- [TASK DETAILS]:
Output exactly, and only, the lines below from the one with "Milk bath in" down to the one with "دللي بشرتك مع". Include both end lines and no pictures.

- [RECORDED DATA]:

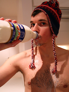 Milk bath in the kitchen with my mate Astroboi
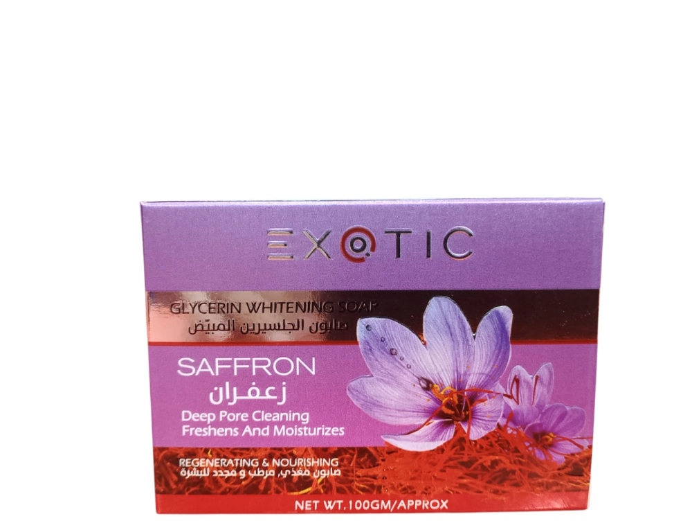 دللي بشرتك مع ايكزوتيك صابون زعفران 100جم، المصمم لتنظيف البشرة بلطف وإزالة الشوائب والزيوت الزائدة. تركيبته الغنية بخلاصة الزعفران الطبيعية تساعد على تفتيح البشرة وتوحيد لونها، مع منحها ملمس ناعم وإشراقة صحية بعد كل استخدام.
* * *
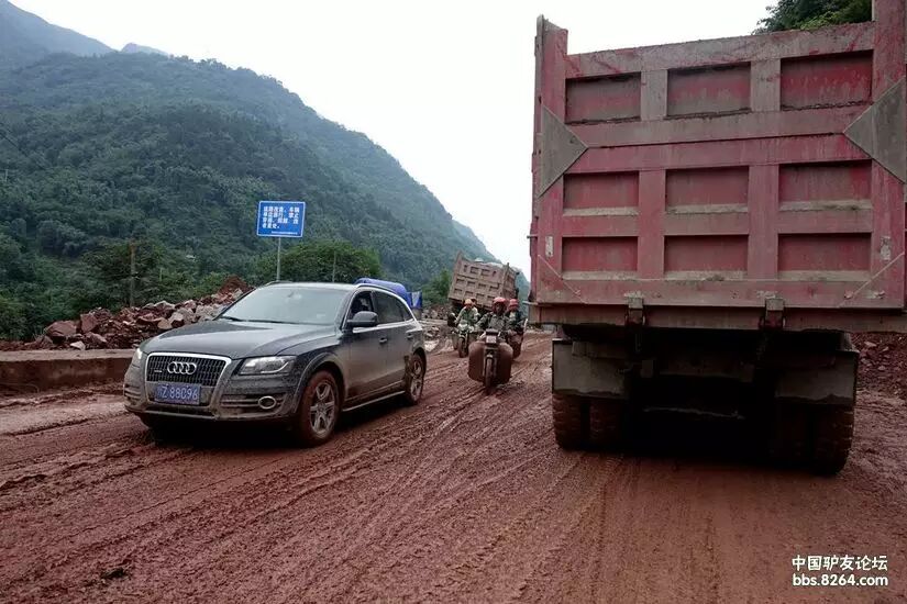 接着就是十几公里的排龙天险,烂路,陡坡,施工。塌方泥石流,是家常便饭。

- [SOLUTION TO THIS TASK]:
 Milk bath in the kitchen with my mate Astroboi
 دللي بشرتك مع ايكزوتيك صابون زعفران 100جم، المصمم لتنظيف البشرة بلطف وإزالة الشوائب والزيوت الزائدة. تركيبته الغنية بخلاصة الزعفران الطبيعية تساعد على تفتيح البشرة وتوحيد لونها، مع منحها ملمس ناعم وإشراقة صحية بعد كل استخدام.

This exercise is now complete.